A videolink, instead, beamed out images of the multimillion-dollar legal teams, Justice Anthony Besanko or the silver coat of arms on the courtroom wall as soldiers audibly described prisoners shot dead in dusty compounds.
They told the court Afghans were killed as part of exhibition executions or macabre bonding rituals known as “blooding”.
Others denied the claims, saying medal envy over Mr Roberts-Smith’s Victoria Cross had birthed a jealous conspiracy in the broken squadron.
But the closed-circuit of the case broke in May when one witness, who had testified for Mr Roberts-Smith, was arrested by the AFP hours before he was to leave the country.
The witness was returning to his room in the Pitt Street Marriott hotel, after drinking with Mr Roberts-Smith, when the AFP confronted him with a warrant for his phone, a bail court would hear.
The former SAS soldier, whose name and even pseudonym are suppressed, allegedly resisted police after they stopped him trying to leave the hotel, police claim.
He spent the night in custody and is not charged with any war crime offences.
The soldier’s arrest was a very rare reminder that investigators outside the court were paying close attention to the civil lawsuit.
The progress of the criminal and institutional shifts appears to have been deliberately obscured from the public as focus remains on the trial.

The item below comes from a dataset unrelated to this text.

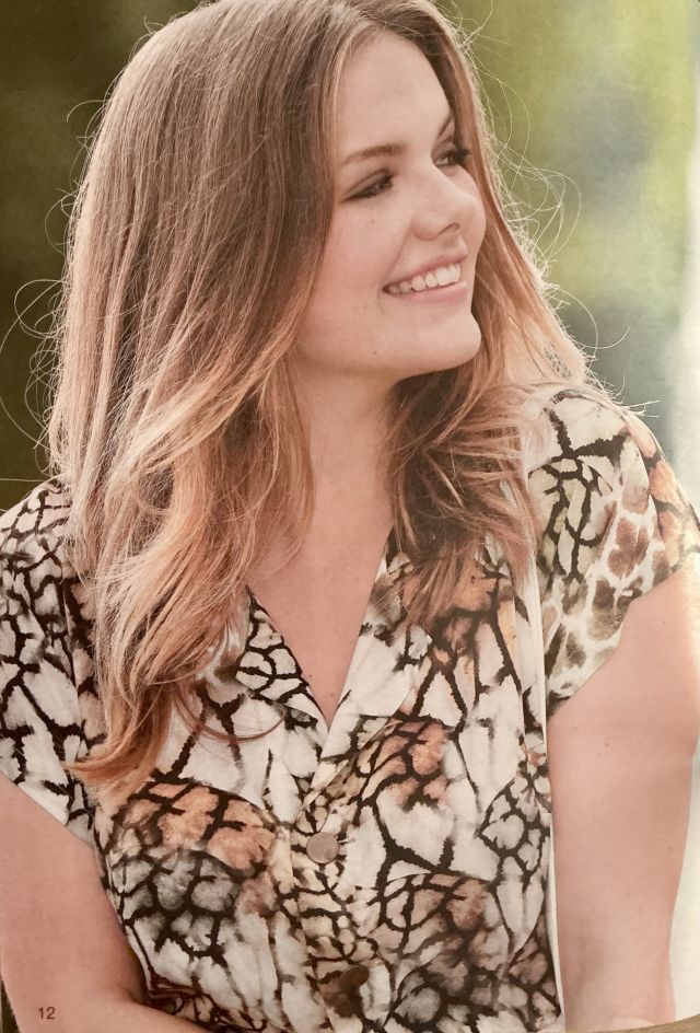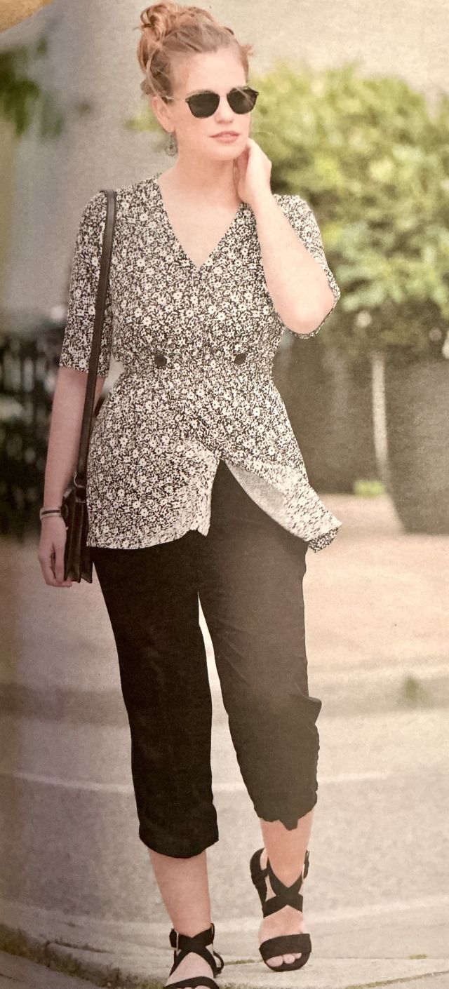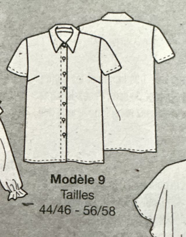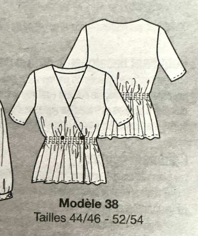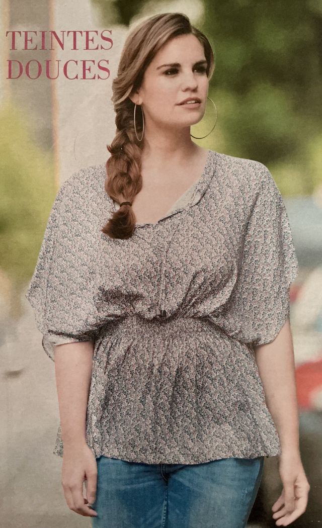 J’ai dans mon dressing une blouse croisée comme celle-ci. Son ampleur est canalisée à la taille à l’aide d’élastique à smocks. Elle est garnie de deux boutons sur une encolure en V. Les manches sont courtes. Je trouve que ça allonge la silhouette.

It was reported, earlier this year, that successive Coalition Defence Ministers had been given six reports detailing how the ADF was undergoing cultural change in the wake of Brereton.
The ministers, most recently Peter Dutton, had reportedly chosen not to release the updates publicly.
Meanwhile the OSI revealed in February this year that they had written to the International Criminal Court in The Hague.
The ICC prosecutes war crimes only when a nation has shown it is unable or unwilling to handle such cases on its own.
The OSI’s Director General, in a June 2021 letter, assured prosecutors at the ICC that the OSI would exist as long as it needed to fulfil its functions.
“The establishment and work of the OSI demonstrates Australia’s resolve to thoroughly and independently investigate and, where appropriate, prosecute the allegations of criminal offences in Afghanistan from 2005 to 2016 by members of the ADF” the letter reads.
The same day the OSI wrote to The Hague Mr Roberts-Smith was facing cross examination by Nine’s barrister – denying an allegation he kicked a Person Under Confinement off a cliff in a war crime murder.
“That’s the piece of terrain off which you kicked a PUC, isn’t it?” Nine’s barrister asked.
“No, it’s not,” Mr Roberts-Smith shot back.
Mr Roberts-Smith launched legal action against Nine newspapers in mid-2018 saying they falsely claimed he was involved in war crime murders in Afghanistan while serving with the Special Air Service.
He has never been charged with war crimes or any other wrongdoing.
By the time Mr Roberts-Smith filed his lawsuit, he was one of many SAS soldiers who had given evidence before a secretive inquiry run by the Inspector General of the Australian Defence Force.